You probably already understand that in the computer memory, all numeric information is represented as ones and zeros, so at the most basic level, there isn't anything special about dates or times. However, when working with real data in business and technical projects, we tend to think about time or dates in their own units, differently from other numbers. Time is most often thought of as hours, minutes, or seconds, and dates are usually years, months, and days. Other common patterns are the weekdays, day of the week, business days, and quarters. We often group data into bins of days, weeks, months, or quarters. Within these bins, there might be data every second, minute, hour, or on some other or even random period. Because it is natural to think of dates and time of day together, Python in general, and pandas in particular, provides objects to make it easy to work this way. The most fundamental time component in pandas is Timestamp, and it is equivalent to Datetime in Python, provided by the datetime package. Timestamp is used as the index for pandas time series data types, as we'll see a bit later. pandas provides the Timestamp method to convert various types of data into timestamps. Here, we convert a string in a familiar date format into a pandas timestamp:
my_timestamp = pd.Timestamp('12-25-2020')
my_timestamp
This code snippet produces the following output:
It's intuitive that Timestamp consists of year, month, day, hour, minute, and second.
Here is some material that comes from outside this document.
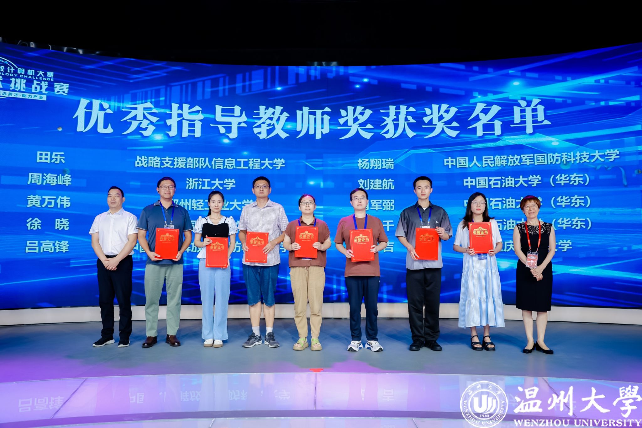 此外,大赛还得到了全国高校教师的广泛支持与积极参与。经过大赛组委会的严格评审,武汉科技大学的聂雷、四川轻工业大学的陈超、战略支援部队信息工程大学的田乐、河南科技大学的王勇以及上饶师范学院的徐蒋婷等52名教师获得了大赛颁发的“优秀指导教师”证书,以表彰他们在赛事中对学生的卓越指导和辛勤付出。

Since we did not provide any time information, Timestamp() assumes that the time portion is 00:00:00. The fact that Timestamp has these components is what makes pandas times series operations so flexible. To illustrate that pandas is already simplifying things for us, here, we import Python datetime, and use it to accomplish the same conversion:
from datetime import datetime
my_datetime = datetime.strptime('12-25-2020','%m-%d-%Y')
my_datetime
This produces the following output:
You can see that, in the case of using the datetime method, we have to provide a date format for Python to decode the string. The two resulting objects have very similar methods available to them.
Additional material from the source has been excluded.